Mise - Recipe Recommender

An NLP-powered recipe recommender that uses keyword matching and semantic transformers to match food vibes to recipes.

Do you ever crave something and not know the exact name of the dish you want? So you type the feeling and flavors of the dish, only to get vague results? If you cook at home, I already know your answer. Don't worry, it happens to all of us.

The reality is that people don't always search for food the way recipes are written. Sometimes they search by vibe: "warm and creamy dish," "that Spanish cold soup," "something spicy but vegetarian," "tomato and meat pasta", and many more.

Mise (short for "Mise en Place") is a recommender built to meet them there.

What Makes This Difficult?

Human communication is tricky; it takes a lot of context and shared experience to understand each other. If you tell me you want "that Japanese pork chop dish", I know what you mean because I've eaten it before.

But that intuition doesn't translate to how a machine thinks. A machine doesn't understand the sentence the way you do; it has no memory of eating katsudon or tonkatsu to draw upon. What it can do is convert text to numbers and compare the numbers to find that relation. There are fundamentally two ways to do this.

The first way is literal; the machine treats your sentence as a bunch of words and looks for those words in recipes. The downside is it only matches words, not meaning. It can find pork in a recipe but it can't understand "pork chop" and "tonkatsu" are related.

The second way is meaning; the machine learns from a tremendous amount of human text to be able to convert your sentence into a vector and decode the meaning from it. Here, "pork chop" and "tonkatsu" would be close to each other in number space because the model learned from context they are related, even if there are no matching words.

The downside here is that it can be imprecise on the specifics. Because embeddings match on meaning, sometimes you can get results that are say, in the right neighborhood, rather than what you actually wanted. This would be like typing chicken biryani and getting results for lamb biryani, chicken paella, or just any generic rice dish because they're all semantically similar. There is no priority given to keyword matches, and it will settle for being vaguely right.

So to actually solve our problem, neither method is enough on their own. We need a system that combines the best of both.

The Hybrid Approach

Since neither method accomplishes what we need on their own, the best option is to use both together to cover for each other's weaknesses.

At its core, Mise scores every search with two signals. A keyword ranker BM25 ensures exact searches will be recognized, while the MiniLM sentence transformer handles synonyms, vibe searches, and descriptions of dishes that share no wording with the recipe name. This is the heart of the recommender, and both run on every search.

The two are blended into a single ranking:

Signal	Weight	What it captures
Semantic (MiniLM)	0.45	meaning, vibe, synonyms
Keyword (BM25)	0.15	exact word matches

Semantic carries the most weight because the primary point of Mise is to capture a person's intent behind their recipe search.

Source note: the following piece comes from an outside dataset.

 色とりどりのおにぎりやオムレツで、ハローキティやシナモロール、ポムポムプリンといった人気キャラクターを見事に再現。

Keyword matching is the smaller, but still meaningful signal that keeps the system results precise while not drowning out the meaning.

On top of that, Mise has three optional filters to refine the ranking further: ingredients, cuisine, and category. These aren't part of the default search; they're here in case the user finds the current results too broad. When applied, each adds its own weighted signal to the score.

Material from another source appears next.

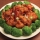 Chunks chicken lightly fried with hot pepper sauce. This plate was devised by a private chef of General Tso who was a famous general in Szechuan army. With white rice. Spicy.
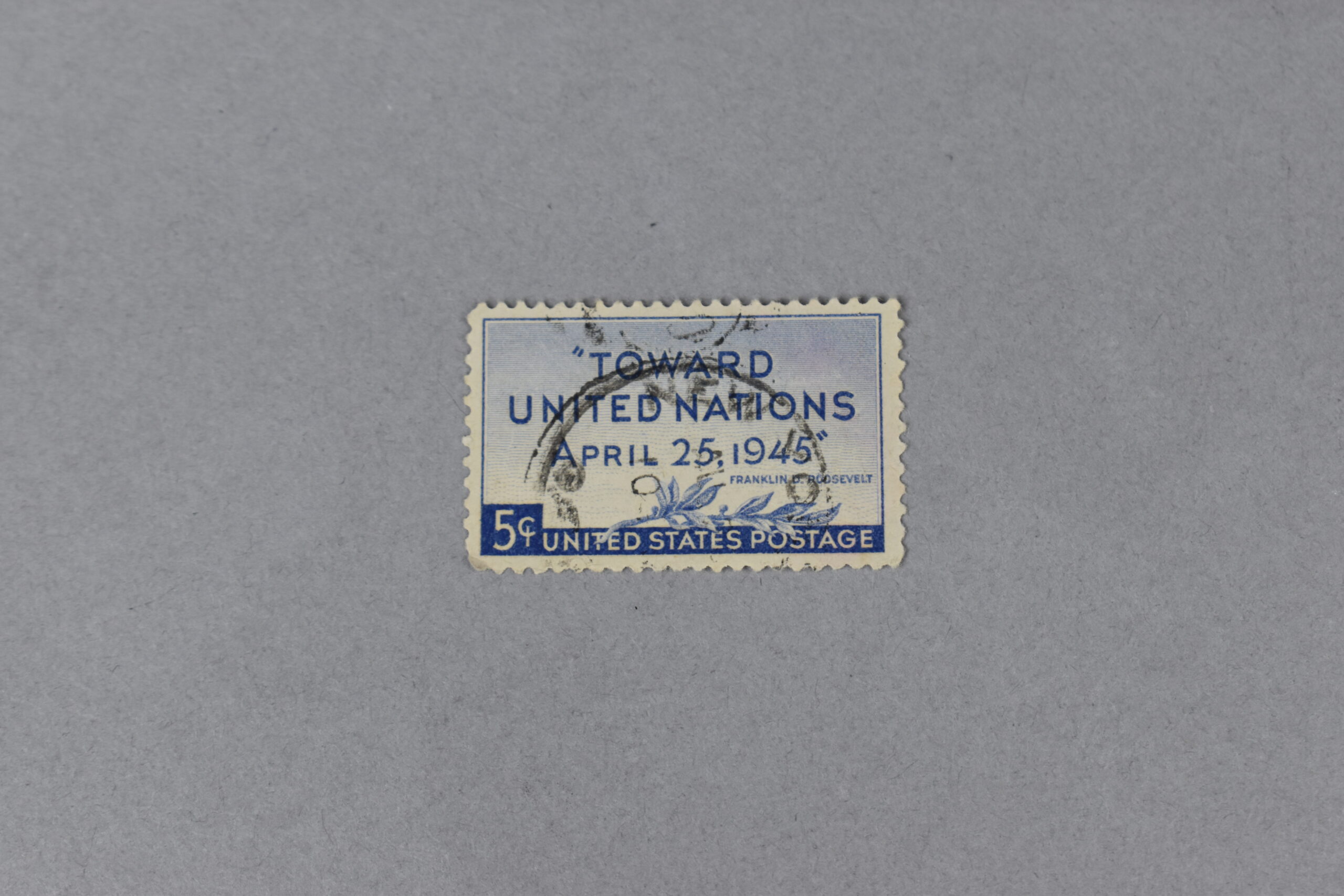 Estampilla conmemorativa por la Conferencia de las Naciones Unidas que se celebró en San Francisco el 25 de abril de 1945.

Signal	Weight	What it captures
Ingredient	0.20	what's actually in the dish
Area	0.10	cuisine
Category	0.10	type of dish

When no filters are selected, the system falls back to the pure semantic + keyword hybrid. The filter weights will drop out, and since every recipe is scored the same way, the ranking should remain correct. The idea is that the filters are there to make the results more precise, not muddy the core search.

Each signal is normalized to a 0–1 range before weighting, so a signal's weight reflects its real influence on the final score. The recipes themselves come from TheMealDB: roughly 600 dishes, each with a name, ingredients, category, cuisine, and instructions. At startup the system loads precomputed embeddings for every recipe, so a search is a fast comparison against vectors already in memory rather than an encode-on-the-fly. This makes for a smoother experience on the user's end.

From Notebook to Live App

I could've just built the recommender, got my results, and stopped there. But I wanted something more; I wanted something that I could actually share with people to interact with themselves. So I deployed it on the big live web.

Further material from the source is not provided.